Now I want to tell you all about my Aunt Mae. Last November she turned eighty-eight. She is actually my great aunt. There are probably a lot of people who would put her on a list like this. Words can't express how much I love that woman. She has always been so good to me. As a kid, I probably spent as much time at her house as I did my own. She loved and still does love to cook for me. Her and I used to pick blackberries together for blackberry cobbler and jam. She is a very religious person, though not very educated. Being born in 1919, and being poor, education wasn't a priority for her as a little girl. She always talked about how she wished she could have had the opportunities to learn that I had. More than she will ever know, she had a lot of influence in me taking advantage of those opportunities. She also taught me to love animals. She calls them "God's creatures". I am thirty-eight years old and she still sends me a check on my birthday and buys me candy on Valentines and Easter. It might sound funny, but that means so much to me. It always puts a smile on my face.
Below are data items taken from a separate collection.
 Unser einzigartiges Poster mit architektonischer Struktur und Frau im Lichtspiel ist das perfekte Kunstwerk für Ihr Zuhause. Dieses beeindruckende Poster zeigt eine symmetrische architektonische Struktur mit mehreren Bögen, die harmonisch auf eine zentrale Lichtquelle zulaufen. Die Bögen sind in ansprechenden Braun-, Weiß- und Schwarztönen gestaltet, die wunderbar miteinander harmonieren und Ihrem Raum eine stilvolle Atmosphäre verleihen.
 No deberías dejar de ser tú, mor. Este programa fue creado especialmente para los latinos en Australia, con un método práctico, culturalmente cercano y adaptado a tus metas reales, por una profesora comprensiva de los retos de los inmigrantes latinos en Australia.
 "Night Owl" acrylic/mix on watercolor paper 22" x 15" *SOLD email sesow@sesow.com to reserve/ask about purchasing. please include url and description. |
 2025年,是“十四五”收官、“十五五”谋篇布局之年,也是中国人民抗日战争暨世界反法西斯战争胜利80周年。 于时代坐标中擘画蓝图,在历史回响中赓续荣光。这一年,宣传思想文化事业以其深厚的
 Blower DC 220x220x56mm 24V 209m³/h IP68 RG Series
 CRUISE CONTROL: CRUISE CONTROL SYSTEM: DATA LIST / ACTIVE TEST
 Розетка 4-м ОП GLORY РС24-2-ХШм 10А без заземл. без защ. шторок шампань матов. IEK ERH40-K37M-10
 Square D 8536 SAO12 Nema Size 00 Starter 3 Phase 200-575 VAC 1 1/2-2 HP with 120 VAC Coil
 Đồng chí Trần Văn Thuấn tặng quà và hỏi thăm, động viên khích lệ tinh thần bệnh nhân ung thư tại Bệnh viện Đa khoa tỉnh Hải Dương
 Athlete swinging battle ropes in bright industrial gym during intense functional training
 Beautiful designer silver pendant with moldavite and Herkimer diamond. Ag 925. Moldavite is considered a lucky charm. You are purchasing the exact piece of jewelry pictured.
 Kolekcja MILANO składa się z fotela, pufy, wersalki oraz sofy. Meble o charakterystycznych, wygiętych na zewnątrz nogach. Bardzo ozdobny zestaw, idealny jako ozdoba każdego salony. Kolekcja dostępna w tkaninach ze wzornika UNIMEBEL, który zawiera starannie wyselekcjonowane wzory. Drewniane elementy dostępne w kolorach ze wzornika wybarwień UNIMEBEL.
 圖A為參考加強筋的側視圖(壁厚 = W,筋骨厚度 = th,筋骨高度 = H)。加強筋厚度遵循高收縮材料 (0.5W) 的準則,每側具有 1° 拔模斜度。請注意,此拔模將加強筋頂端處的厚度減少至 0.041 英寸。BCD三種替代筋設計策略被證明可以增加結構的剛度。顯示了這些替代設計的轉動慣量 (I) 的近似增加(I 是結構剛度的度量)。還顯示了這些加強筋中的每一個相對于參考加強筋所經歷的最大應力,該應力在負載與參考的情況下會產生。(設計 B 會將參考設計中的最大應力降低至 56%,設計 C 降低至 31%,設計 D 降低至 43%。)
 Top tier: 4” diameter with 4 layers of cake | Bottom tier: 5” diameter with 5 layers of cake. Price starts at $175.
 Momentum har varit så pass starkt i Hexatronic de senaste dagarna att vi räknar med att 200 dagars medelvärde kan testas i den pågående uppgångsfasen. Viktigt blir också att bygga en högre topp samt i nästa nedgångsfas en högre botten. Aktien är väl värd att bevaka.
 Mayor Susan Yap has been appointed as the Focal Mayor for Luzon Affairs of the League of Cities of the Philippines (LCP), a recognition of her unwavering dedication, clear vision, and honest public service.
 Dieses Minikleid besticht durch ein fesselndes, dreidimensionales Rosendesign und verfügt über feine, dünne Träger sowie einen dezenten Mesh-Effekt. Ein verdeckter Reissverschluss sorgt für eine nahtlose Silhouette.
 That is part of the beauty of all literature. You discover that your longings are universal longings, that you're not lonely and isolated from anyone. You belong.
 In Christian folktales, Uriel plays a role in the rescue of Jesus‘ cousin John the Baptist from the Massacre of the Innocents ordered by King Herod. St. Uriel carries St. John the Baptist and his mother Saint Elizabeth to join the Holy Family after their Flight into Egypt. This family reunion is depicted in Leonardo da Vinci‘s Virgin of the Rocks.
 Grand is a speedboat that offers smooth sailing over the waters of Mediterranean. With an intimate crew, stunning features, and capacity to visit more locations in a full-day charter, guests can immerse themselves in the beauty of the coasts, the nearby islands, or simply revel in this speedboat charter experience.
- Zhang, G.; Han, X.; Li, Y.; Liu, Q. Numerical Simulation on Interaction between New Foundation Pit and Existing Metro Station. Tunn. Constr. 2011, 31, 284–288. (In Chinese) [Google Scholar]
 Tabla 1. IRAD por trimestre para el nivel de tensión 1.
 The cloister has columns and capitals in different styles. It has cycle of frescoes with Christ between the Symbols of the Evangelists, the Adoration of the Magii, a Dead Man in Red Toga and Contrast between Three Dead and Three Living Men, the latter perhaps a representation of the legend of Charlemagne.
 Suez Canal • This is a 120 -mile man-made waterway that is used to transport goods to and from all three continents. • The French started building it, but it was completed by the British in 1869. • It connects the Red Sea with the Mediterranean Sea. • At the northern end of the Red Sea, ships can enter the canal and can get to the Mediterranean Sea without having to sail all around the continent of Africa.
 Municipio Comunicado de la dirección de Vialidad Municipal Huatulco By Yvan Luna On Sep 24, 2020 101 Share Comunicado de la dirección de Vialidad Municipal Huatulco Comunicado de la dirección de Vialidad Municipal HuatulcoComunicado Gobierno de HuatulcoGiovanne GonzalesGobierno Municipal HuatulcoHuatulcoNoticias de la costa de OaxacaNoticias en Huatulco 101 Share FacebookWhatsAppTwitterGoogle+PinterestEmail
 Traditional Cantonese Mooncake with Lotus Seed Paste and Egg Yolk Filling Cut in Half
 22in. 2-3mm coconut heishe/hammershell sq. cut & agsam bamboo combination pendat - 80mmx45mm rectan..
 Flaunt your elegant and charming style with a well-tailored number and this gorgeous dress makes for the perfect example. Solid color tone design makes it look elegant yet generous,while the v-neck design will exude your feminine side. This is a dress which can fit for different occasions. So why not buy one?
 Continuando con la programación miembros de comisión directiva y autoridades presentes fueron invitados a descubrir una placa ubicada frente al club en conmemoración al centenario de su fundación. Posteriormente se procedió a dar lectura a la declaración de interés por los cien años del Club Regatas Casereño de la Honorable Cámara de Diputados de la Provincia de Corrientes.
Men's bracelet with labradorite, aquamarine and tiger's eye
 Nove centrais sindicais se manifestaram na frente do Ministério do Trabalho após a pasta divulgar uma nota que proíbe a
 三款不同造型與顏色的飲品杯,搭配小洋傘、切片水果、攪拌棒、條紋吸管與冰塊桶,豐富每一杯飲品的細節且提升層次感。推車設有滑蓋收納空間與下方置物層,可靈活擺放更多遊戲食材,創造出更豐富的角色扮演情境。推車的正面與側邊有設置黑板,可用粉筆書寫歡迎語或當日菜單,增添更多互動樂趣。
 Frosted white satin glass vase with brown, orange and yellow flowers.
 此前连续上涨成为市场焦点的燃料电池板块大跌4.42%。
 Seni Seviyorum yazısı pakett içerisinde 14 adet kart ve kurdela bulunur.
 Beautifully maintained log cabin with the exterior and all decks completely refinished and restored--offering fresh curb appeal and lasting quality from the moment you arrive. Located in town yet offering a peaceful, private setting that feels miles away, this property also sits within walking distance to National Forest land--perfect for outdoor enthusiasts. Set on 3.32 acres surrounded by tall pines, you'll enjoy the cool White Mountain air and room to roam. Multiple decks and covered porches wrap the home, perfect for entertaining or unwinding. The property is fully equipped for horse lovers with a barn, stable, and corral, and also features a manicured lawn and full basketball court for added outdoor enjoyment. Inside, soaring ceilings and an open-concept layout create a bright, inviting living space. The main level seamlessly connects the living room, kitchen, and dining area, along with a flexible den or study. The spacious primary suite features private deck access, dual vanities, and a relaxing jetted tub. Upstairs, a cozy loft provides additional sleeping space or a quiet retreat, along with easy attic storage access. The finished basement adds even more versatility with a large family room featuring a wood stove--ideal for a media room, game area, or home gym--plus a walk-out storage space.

Finally, I want to talk about my wife Sanna, the most beautiful woman in the world. I really don't know why God blessed me with such a prize as Sanna. I certainly did not do anything to deserve her. She has such a sweet and caring heart. She always encourages me. When we first met, she saw something in me that I didn't know was there. She is not very materialistic at all. She doesn't care for jewelry or nice clothes. All she wants is to spend the rest of her life with me. She is also a great mother. She isn't perfect by any means and neither am I, but she is close enough for me. February will mark our fourth year as husband and wife, and I am still just as much in love with her now as I was when we first started dating. I still can't take my eyes off of her.

No I don't dislike women. I love women very much. But there is no doubt that men and women are different. If recognizing that makes me a sexist, then so be it. We are still equal though, but we are way, way different. Thank goodness for that.